Given data:
++++++++++++++++++++
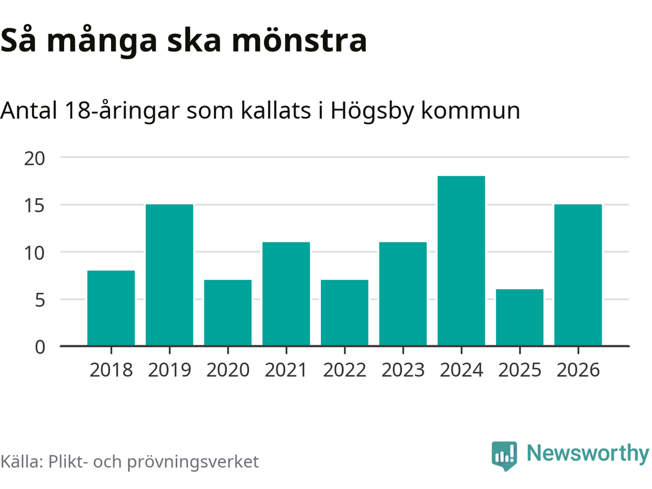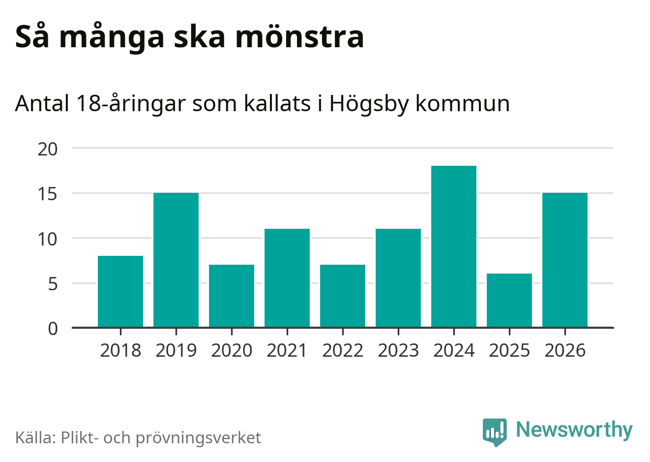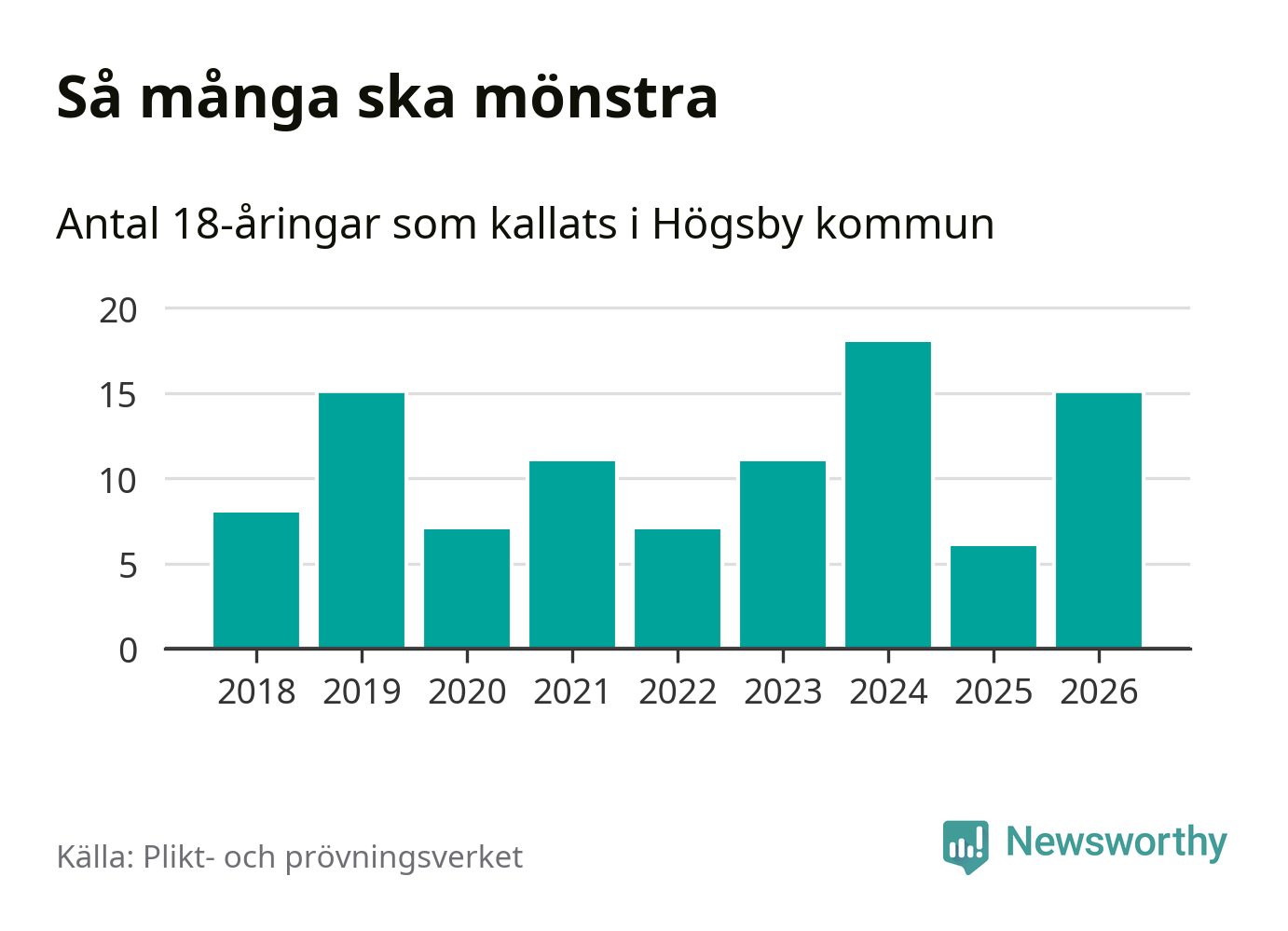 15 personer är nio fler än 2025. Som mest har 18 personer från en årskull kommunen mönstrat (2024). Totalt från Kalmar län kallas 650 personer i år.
++++++++++++++++++++
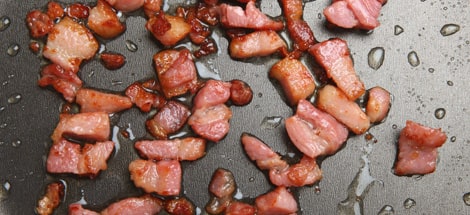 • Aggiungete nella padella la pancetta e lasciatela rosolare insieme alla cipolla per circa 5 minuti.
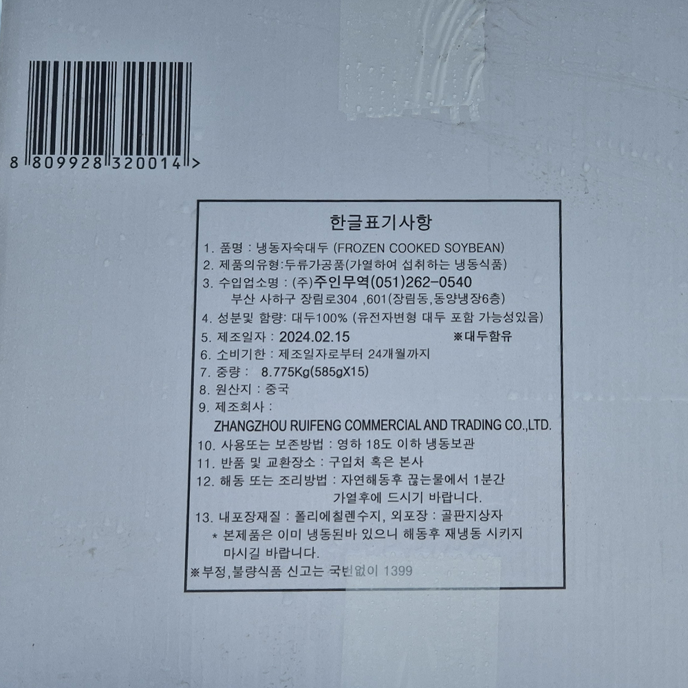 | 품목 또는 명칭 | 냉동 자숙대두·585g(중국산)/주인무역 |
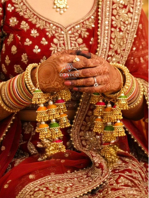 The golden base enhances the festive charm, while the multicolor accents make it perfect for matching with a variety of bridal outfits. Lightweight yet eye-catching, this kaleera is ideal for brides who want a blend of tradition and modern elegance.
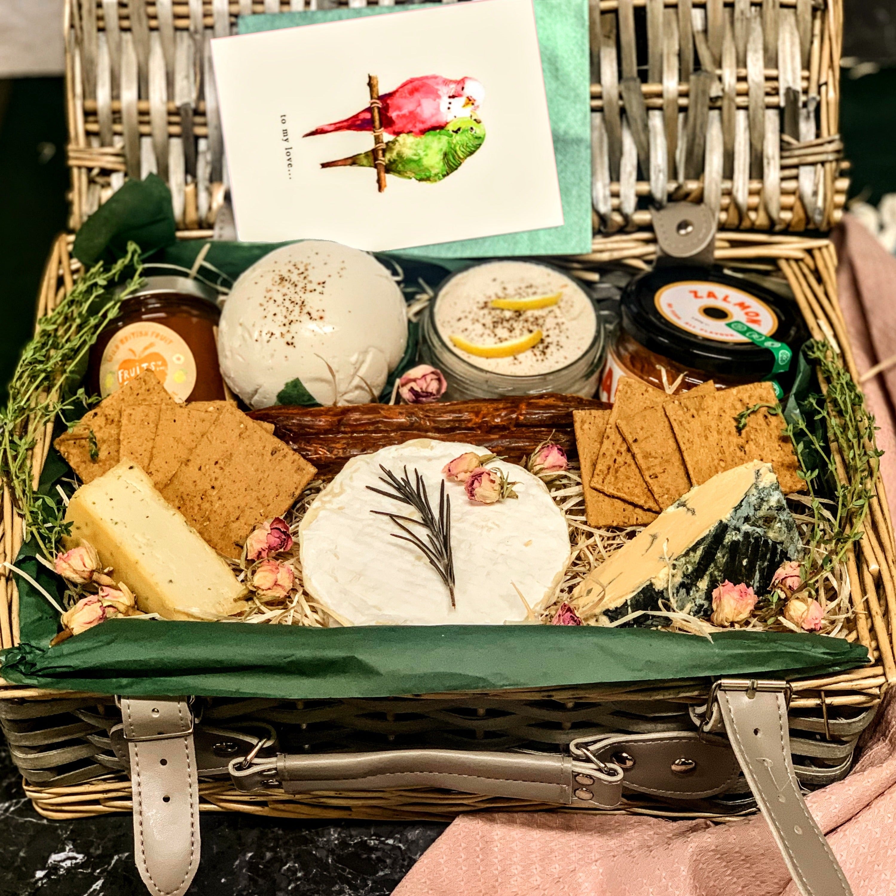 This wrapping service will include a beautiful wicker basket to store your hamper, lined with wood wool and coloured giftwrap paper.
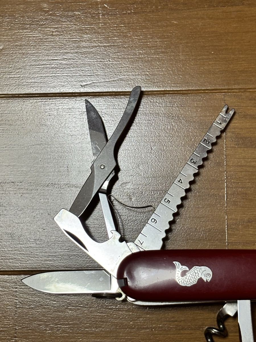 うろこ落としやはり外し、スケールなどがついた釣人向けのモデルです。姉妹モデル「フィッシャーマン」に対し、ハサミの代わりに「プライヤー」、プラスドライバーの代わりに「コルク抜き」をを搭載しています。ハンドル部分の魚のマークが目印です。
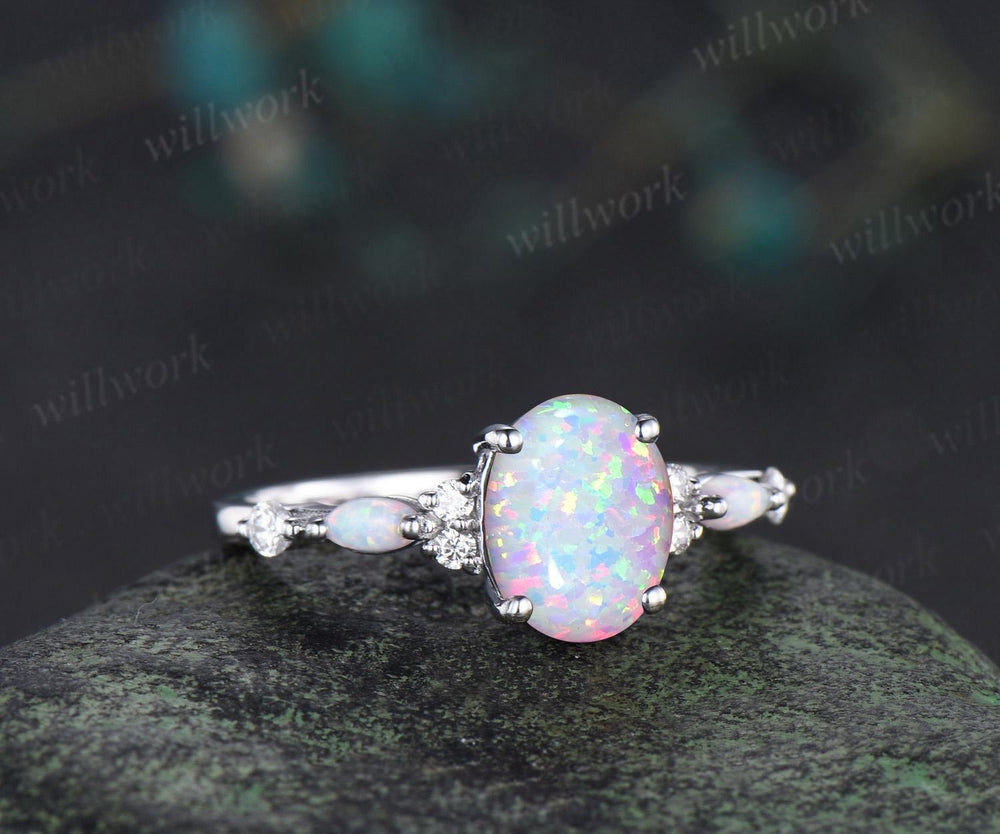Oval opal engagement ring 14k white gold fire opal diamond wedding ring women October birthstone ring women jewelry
++++++++++++++++++++
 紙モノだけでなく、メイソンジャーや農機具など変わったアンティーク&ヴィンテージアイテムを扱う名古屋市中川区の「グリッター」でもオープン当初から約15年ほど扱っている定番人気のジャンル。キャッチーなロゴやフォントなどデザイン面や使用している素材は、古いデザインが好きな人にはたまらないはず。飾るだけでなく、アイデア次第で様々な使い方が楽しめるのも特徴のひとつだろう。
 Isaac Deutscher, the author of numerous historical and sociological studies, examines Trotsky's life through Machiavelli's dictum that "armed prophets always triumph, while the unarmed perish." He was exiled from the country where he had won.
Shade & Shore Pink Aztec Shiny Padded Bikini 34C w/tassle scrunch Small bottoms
++++++++++++++++++++
The problem: Of all the material above, only the lines from the one that has "うろこ落としやはり外し、スケ" down to the one that has "Oval opal engagement" are to be written out, exactly and with both ends included. Pictures are skipped.

Result of the task:
 うろこ落としやはり外し、スケールなどがついた釣人向けのモデルです。姉妹モデル「フィッシャーマン」に対し、ハサミの代わりに「プライヤー」、プラスドライバーの代わりに「コルク抜き」をを搭載しています。ハンドル部分の魚のマークが目印です。
Oval opal engagement ring 14k white gold fire opal diamond wedding ring women October birthstone ring women jewelry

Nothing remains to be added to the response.